▸ Exercise brief
Using only the entries below, output the lines starting at the one containing "Sporcuları ve Antrenörü" and ending at the one containing "Акции крупнейших технологических", exactly and inclusive of both, omitting the pictures.

▸ Provided data
* * * *
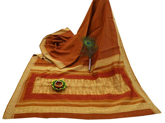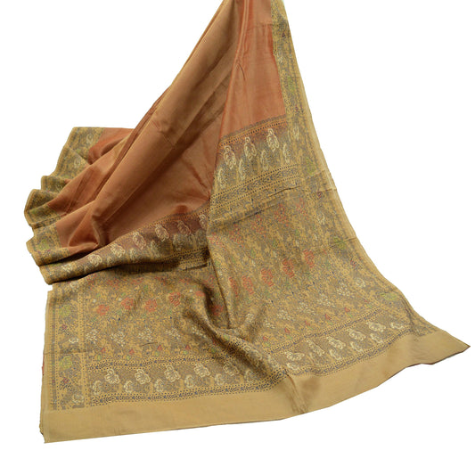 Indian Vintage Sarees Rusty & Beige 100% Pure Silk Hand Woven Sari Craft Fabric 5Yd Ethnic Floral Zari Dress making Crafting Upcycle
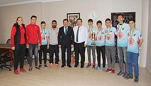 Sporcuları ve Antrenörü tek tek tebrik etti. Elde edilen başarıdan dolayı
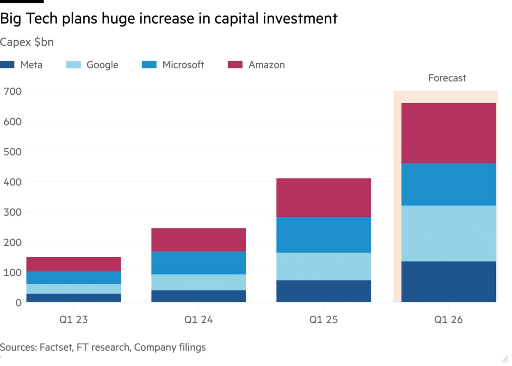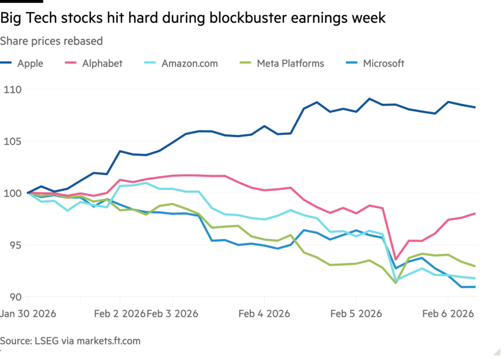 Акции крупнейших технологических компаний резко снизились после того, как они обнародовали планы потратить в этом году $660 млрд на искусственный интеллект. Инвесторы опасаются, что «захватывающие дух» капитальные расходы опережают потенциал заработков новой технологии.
* * * *
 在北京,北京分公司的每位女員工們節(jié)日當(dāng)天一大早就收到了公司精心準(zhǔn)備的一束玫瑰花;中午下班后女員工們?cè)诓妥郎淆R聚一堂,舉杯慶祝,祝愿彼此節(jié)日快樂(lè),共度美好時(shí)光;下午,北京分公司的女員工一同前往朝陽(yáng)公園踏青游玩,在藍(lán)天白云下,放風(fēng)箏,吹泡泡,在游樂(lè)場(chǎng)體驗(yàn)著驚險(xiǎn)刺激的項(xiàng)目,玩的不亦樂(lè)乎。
* * * *
▸ Problem solution
 Sporcuları ve Antrenörü tek tek tebrik etti. Elde edilen başarıdan dolayı
 Акции крупнейших технологических компаний резко снизились после того, как они обнародовали планы потратить в этом году $660 млрд на искусственный интеллект. Инвесторы опасаются, что «захватывающие дух» капитальные расходы опережают потенциал заработков новой технологии.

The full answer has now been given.